[Data section — start]
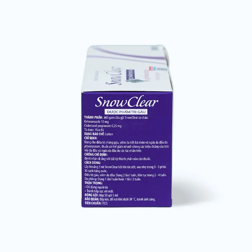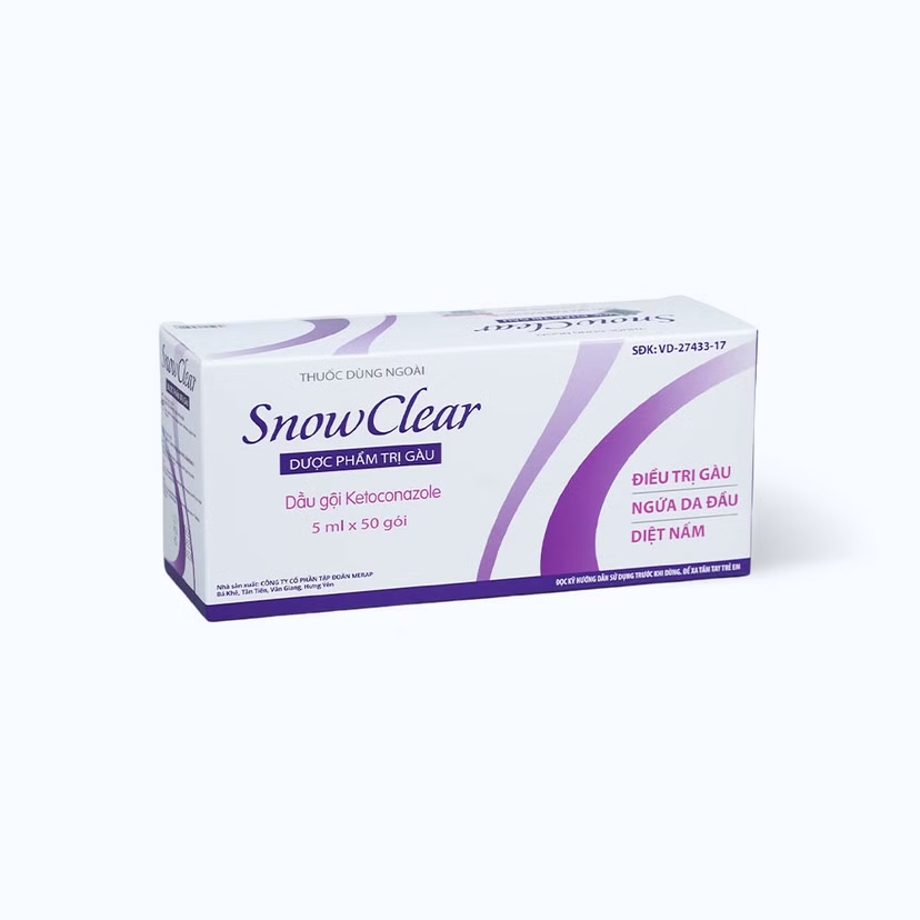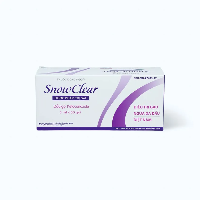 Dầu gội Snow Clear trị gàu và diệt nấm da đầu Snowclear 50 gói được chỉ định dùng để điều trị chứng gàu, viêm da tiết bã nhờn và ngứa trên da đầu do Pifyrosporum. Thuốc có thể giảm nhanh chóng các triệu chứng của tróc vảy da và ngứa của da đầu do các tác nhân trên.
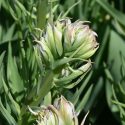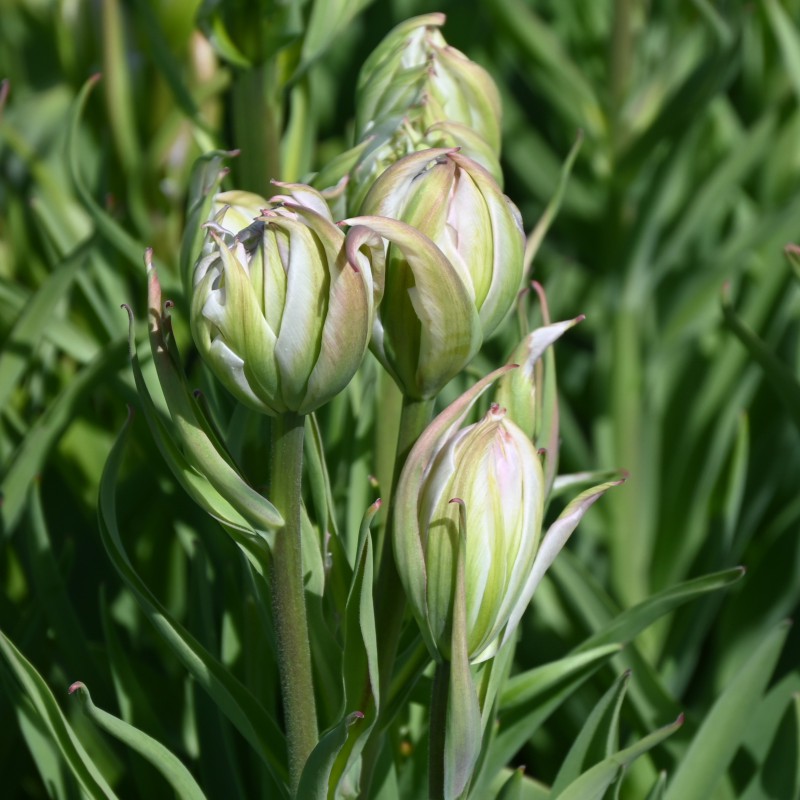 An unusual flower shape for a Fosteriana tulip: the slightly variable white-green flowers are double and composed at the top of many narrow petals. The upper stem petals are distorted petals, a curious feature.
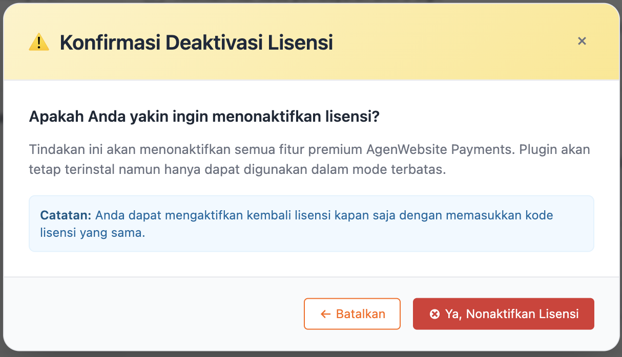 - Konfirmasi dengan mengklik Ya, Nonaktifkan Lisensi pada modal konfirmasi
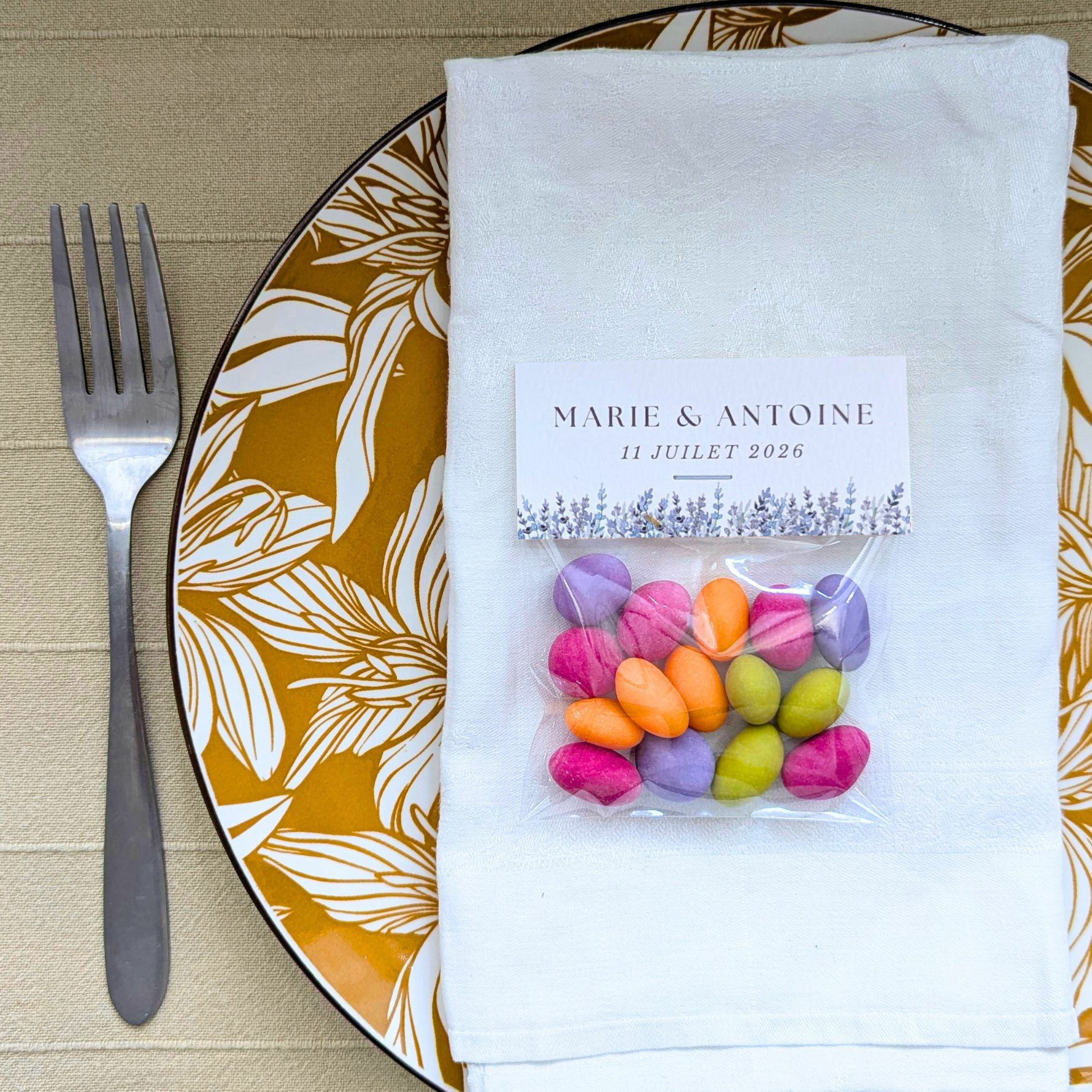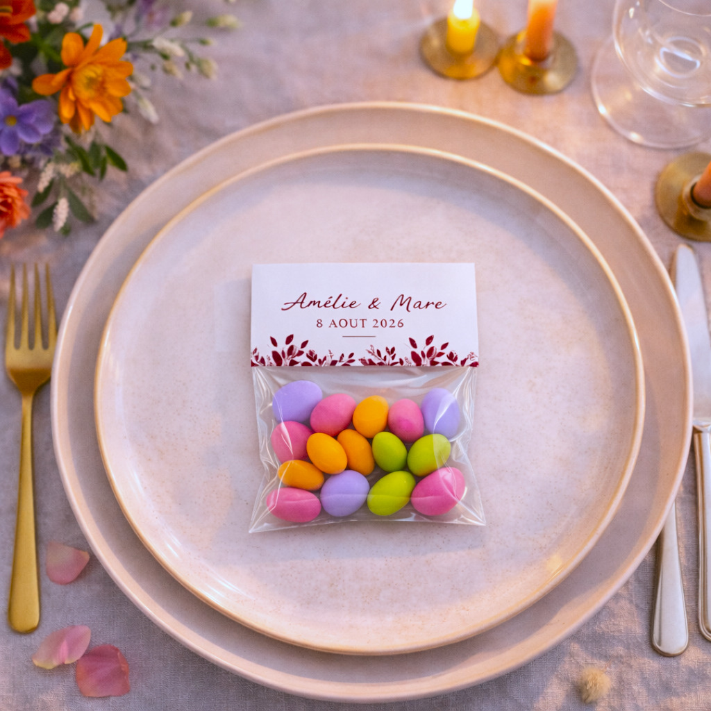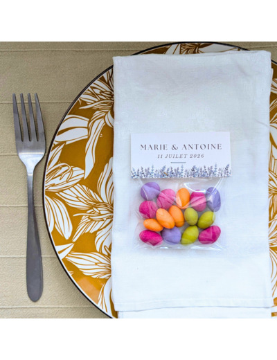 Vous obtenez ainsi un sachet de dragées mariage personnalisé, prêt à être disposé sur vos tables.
[Data section — finish]
## What the exercise asks
Give back the data exactly, with no images.

## Output below
 Dầu gội Snow Clear trị gàu và diệt nấm da đầu Snowclear 50 gói được chỉ định dùng để điều trị chứng gàu, viêm da tiết bã nhờn và ngứa trên da đầu do Pifyrosporum. Thuốc có thể giảm nhanh chóng các triệu chứng của tróc vảy da và ngứa của da đầu do các tác nhân trên.
 An unusual flower shape for a Fosteriana tulip: the slightly variable white-green flowers are double and composed at the top of many narrow petals. The upper stem petals are distorted petals, a curious feature.
 - Konfirmasi dengan mengklik Ya, Nonaktifkan Lisensi pada modal konfirmasi
 Vous obtenez ainsi un sachet de dragées mariage personnalisé, prêt à être disposé sur vos tables.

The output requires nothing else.